Lucy Abels

Lucy Abels, auch Lucy Abeles und Lucy Abels-Avellis, geborene Luisa Theodora Cornelia Jenny Avellis (19. August 1874 in Berlin22. Februar 1938 in Berlin) war eine deutsche Schriftstellerin.

Leben

Luisa Avellis wurde als Tochter des jüdischen Kaufmanns Bernhard Avellis (1834–1904) und dessen Ehefrau Clara geb. Neumann (1846–1917) in Berlin geboren.[1] Sie hatte zwei Schwestern, Elise (später verheiratet Kornfeld) und Toni (später verheiratet Munter).[2] Luisa Avellis heiratete am 17. September 1898 Robert Abeles (1874–1949), der zunächst als Disponent bei den chemischen Werken in Berlin und später als Privatier tätig war, und wurde Mutter eines Sohnes. Er erhielt den Namen Oskar Abeles.
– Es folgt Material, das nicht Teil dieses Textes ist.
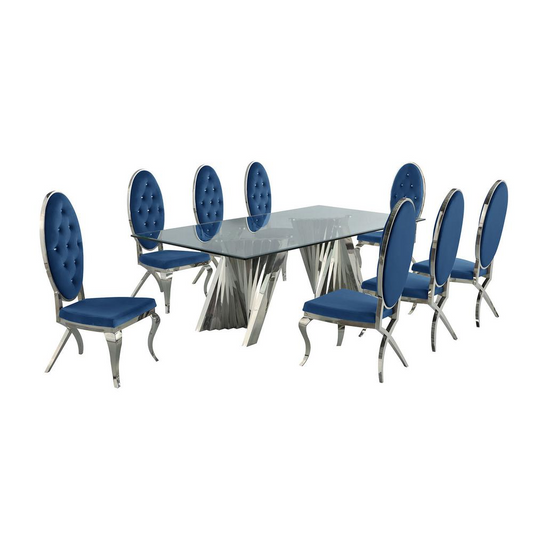 Classic 9pc Dining Set w/Uph Tufted Side Chair, Glass Table w/ Silver Spiral Base, Navy Blue

Ab 1903 trug die Familie den Namen Abels, nachdem der böhmische Statthalter von Prag, dem Geburtsort von Robert Abeles, diesem erlaubt hatte, seinen Namen in Abels zu ändern. Anlass war der Übertritt Abeles' zum Christentum.[3]
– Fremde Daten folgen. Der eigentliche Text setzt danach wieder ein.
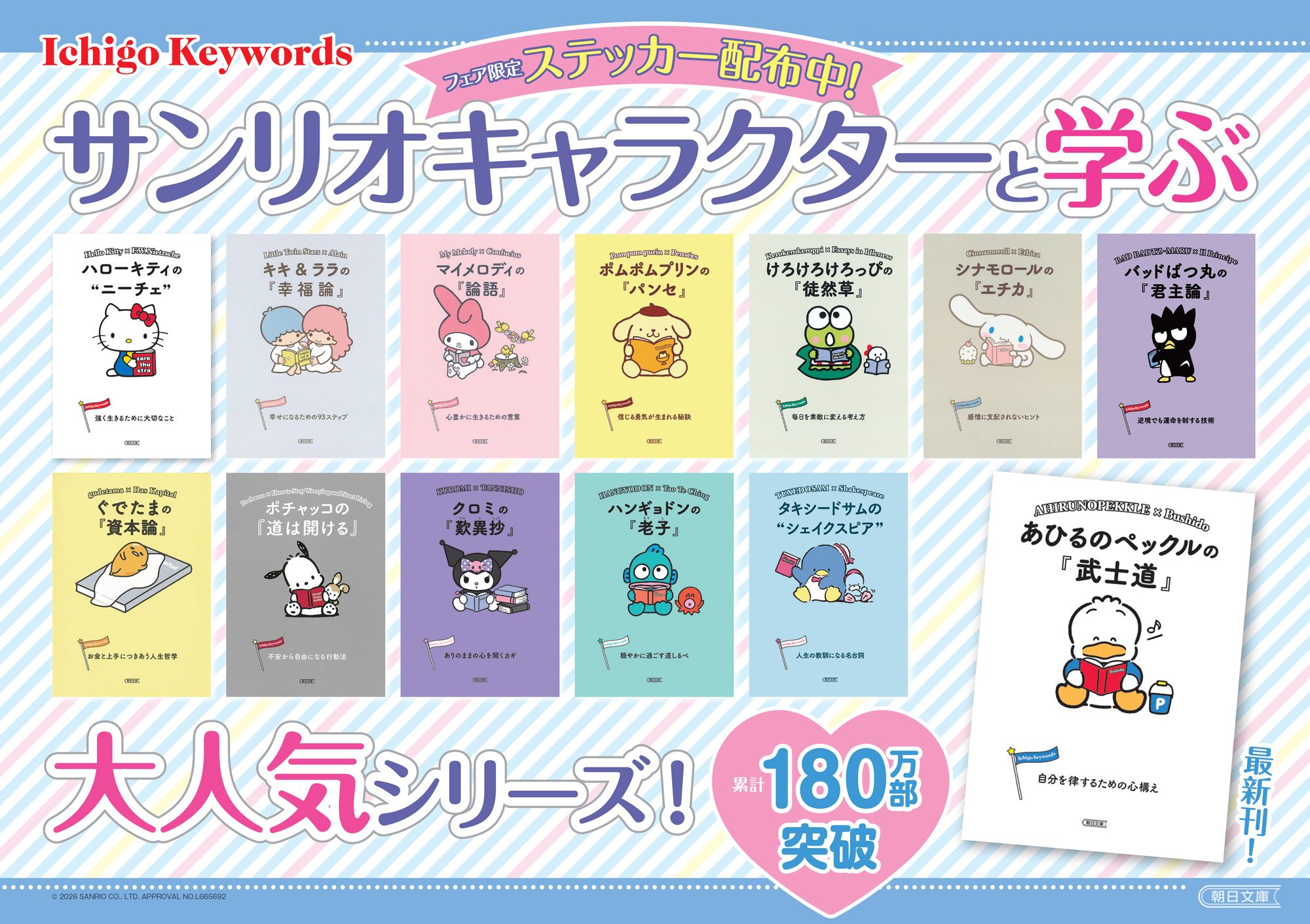 サンリオキャラクターと名著のエッセンスを学ぶ「Ichigo Keywords」シリーズの最新刊「あひるのペックルの『武士道』 自分を律するための心構え」が4月24日に発売となります。 それにあわせ、期間限定書店フェアが全国47都道府県・1500店舗以上で実施されます。 フェア特典として、「Ichigo Keywords」シリーズを1冊でも購入いただいた方は、必ずオリジナルステッカーシールがもらえます!

Luisa Abels, die sich als Schriftstellerin auch Lucy Abels-Avellis nannte, lebte bis an ihr Lebensende in Berlin. Ihre Poesie wurde hauptsächlich von der französischen Lyrik des späten 19. Jahrhunderts beeinflusst. Sie hat Werke von Paul Verlaine, Émile Verhaeren, Fernand Gregh, Albert Samain und anderen übersetzt. Eine enge Freundschaft verband sie mit der Schriftstellerin Franziska Mann, mit der sie sich zusammen in der Frauenbewegung ihrer Zeit sowie in der sozialen Fürsorge für verarmte Frauen und benachteiligte Mädchen in Berlin engagierte.

Werke (Auswahl)

  • 1907: Aus Gallischen Gärten (Übersetzungen, Berlin)
  • [1910:] [zusammen mit Franziska Mann]: Für die Vergessenen (Erzählung von Franziska Mann, mit Versen von Lucy Avellis, Berlin)
  • 1911: Albert Samain, Gedichte (Übersetzungen, Berlin)
  • 1922: Verse, in: Franziska Mann: Die Stufe. Fragment einer Liebe (Erzählung, Berlin)
  • 1927: Verblasste Photographien (Erzählungen, Berlin)

Literatur

  • Kosch: Deutsches Literatur-Lexikon. Das 20. Jahrhundert. (Google Books)
  • Dagmar Jank (2025): Das gesellschaftliche Engagement der Schriftstellerin Franziska Mann (1859–1927), in: Berlin in Geschichte und Gegenwart. Jahrbuch des Landesarchivs Berlin [Ausgabe für 2024], S. 33–53.

Einzelnachweise

  1. Zu den Lebensdaten der Mutter siehe Sterbeanzeige für Clara Avellis in: Berliner Tageblatt und Handelszeitung, 20.2.1917 (Morgen-Ausgabe), S. 15.
  2. Vgl. Sterbeanzeige für Bernhard Avellis in: Berliner Tageblatt und Handelszeitung, 15.5.1904 (Sonntagsausgabe), S. 11.
  3. Heiratseintrag von Robert Abeles und Luisa Avellis beim Standesamt Charlottenburg, 17.9.1898, Nr. 336 (mit Beischreibungen).